IgA Nephropathy: Also known as Berger's disease, it is a common cause of recurrent hematuria in children and can present with proteinuria. It often follows a viral infection.
Minimal Change Disease: Although it primarily presents with nephrotic syndrome (heavy proteinuria), some cases can have hematuria, making it a consideration in this scenario.

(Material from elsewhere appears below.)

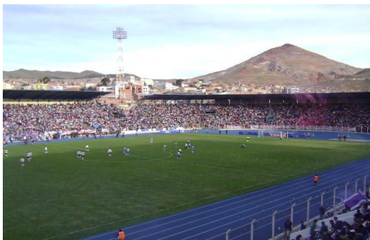
Pohľad na štadión a horu Cerro Rico.
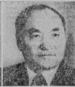
Б. А. АШИМОВ. Председатель Совета Министров Казахской ССР.

Alport Syndrome: A genetic disorder affecting the type IV collagen in the glomerular basement membrane, leading to hematuria and progressive kidney disease. However, it typically presents with sensorineural hearing loss and eye abnormalities.

Henoch-Schönlein Purpura (HSP): A systemic vasculitis that can cause renal involvement, presenting with hematuria and proteinuria, along with the classic triad of purpura, joint pain, and abdominal pain. Missing this diagnosis could lead to delayed treatment and potential long-term renal damage.

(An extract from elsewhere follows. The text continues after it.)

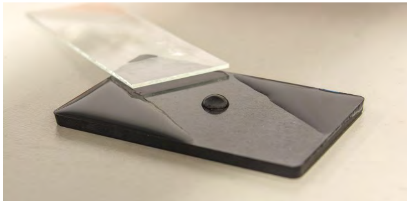
ABBILDUNG 1: Benetzung von gefülltem Polypropylen nach der Plasmaaktivierung. Der mittlere Teil war während der Aktivierung abgedeckt und wird daher nicht von Wasser benetzt.

erweitert die Möglichkeiten der Anpassung der Oberflächeneigenschaften an den Lack oder Kleber, denn die Reaktionsfreudigkeit des Materials des Werkstückes spielt nur noch eine untergeordnete Rolle, wenn zuvor eine Feinstreinigung erfolgt, was bei Plasmaprozessen ein inhärenter Prozessschritt ist (Abb. 1). Da nach der Feinstreinigung eine nackte Oberfläche ohne natürliche Adhäsionsschicht vorliegt, führt ihre Belegung mit hochreaktiven, im Plasma generierten Spezies zu einer gleichmäßigen und extrem gut haftenden Primerschicht, da unter diesen Umständen auch chemische Bindungen selbst im Falle von metallischen Oberflächen möglich sind. Die Schichten liegen Bereichen von einigen 100 nm und bilden die Oberfläche originalgetreu ab. Dies bedeutet, dass der Konstrukteur der

Goodpasture Syndrome: An autoimmune disease causing glomerulonephritis and pulmonary hemorrhage. It is rare in children but can be life-threatening if not recognized and treated promptly.

Membranoproliferative Glomerulonephritis (MPGN): A group of diseases characterized by changes in the glomeruli, leading to hematuria and proteinuria. It is less common in children and often associated with chronic infections or autoimmune diseases.
Nephrotic syndrome due to other causes: Such as focal segmental glomerulosclerosis (FSGS), membranous nephropathy, or congenital nephrotic syndrome, which are less likely given the age and presentation but should be considered if initial diagnoses are ruled out.